Analyzes and prints infeasibility contributing elements
sl - dual values for lower bounds
su - dual values for upper bounds
eps - tolerance for when a nunzero dual value is significant
"""
function analyzeCertificate(sl :: Vector{Float64}, su :: Vector{Float64}, eps :: Float64)
    for i in 1:length(sl)
        if abs(sl[i]) > eps
            println("#$i, lower,  dual = $(sl[i])")
        end
        if abs(su[i]) > eps
            println("#$i, upper,  dual = $(su[i])")
        end
    end
end

# In this example we set up a simple problem
# One could use any task or a task read from a file
testProblem() do task
    # Use remote server: putoptserverhost(task,"http://solve.mosek.com:30080")
    # Useful for debugging
    writedata(task,"pinfeas.ptf");                          # Write file in human-readable format
    # Attach a log stream printer to the task
    putstreamfunc(task,MSK_STREAM_LOG,msg -> print(msg))
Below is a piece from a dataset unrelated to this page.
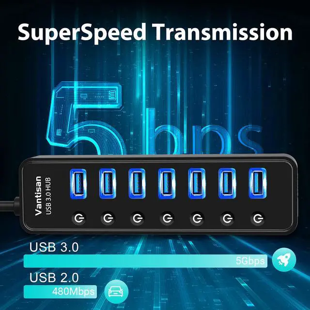 7-Port USB 3.0 Hub: Instantly expand a single USB port into 7 USB 3.0 ports, you can connect a computer with more USB peripherals such as keyboard and mouse, flash drive, printer and more

    # Perform the optimization.
    optimize(task)
    solutionsummary(task,MSK_STREAM_LOG)

    # Check problem status, we use the interior point solution
    if getprosta(task,MSK_SOL_ITR) == MSK_PRO_STA_PRIM_INFEAS
        # Set the tolerance at which we consider a dual value as essential
        eps = 1e-7
        println("Variable bounds important for infeasibility: ");
        analyzeCertificate(getslx(task,MSK_SOL_ITR), getsux(task,MSK_SOL_ITR), eps)

        println("Constraint bounds important for infeasibility: ")
        analyzeCertificate(getslc(task,MSK_SOL_ITR), getsuc(task,MSK_SOL_ITR), eps)
    else
        println("The problem is not primal infeasible, no certificate to show")
    end
end

Running this code will produce the following output:

Variable bounds important for infeasibility:
#6: lower, dual = 1.000000e+00
#7: lower, dual = 1.000000e+00
Constraint bounds important for infeasibility:
#1: upper, dual = 1.000000e+00
#3: upper, dual = 1.000000e+00
#4: lower, dual = 1.000000e+00
#5: lower, dual = 1.000000e+00

indicating the positions of bounds which appear in the infeasibility certificate with nonzero values.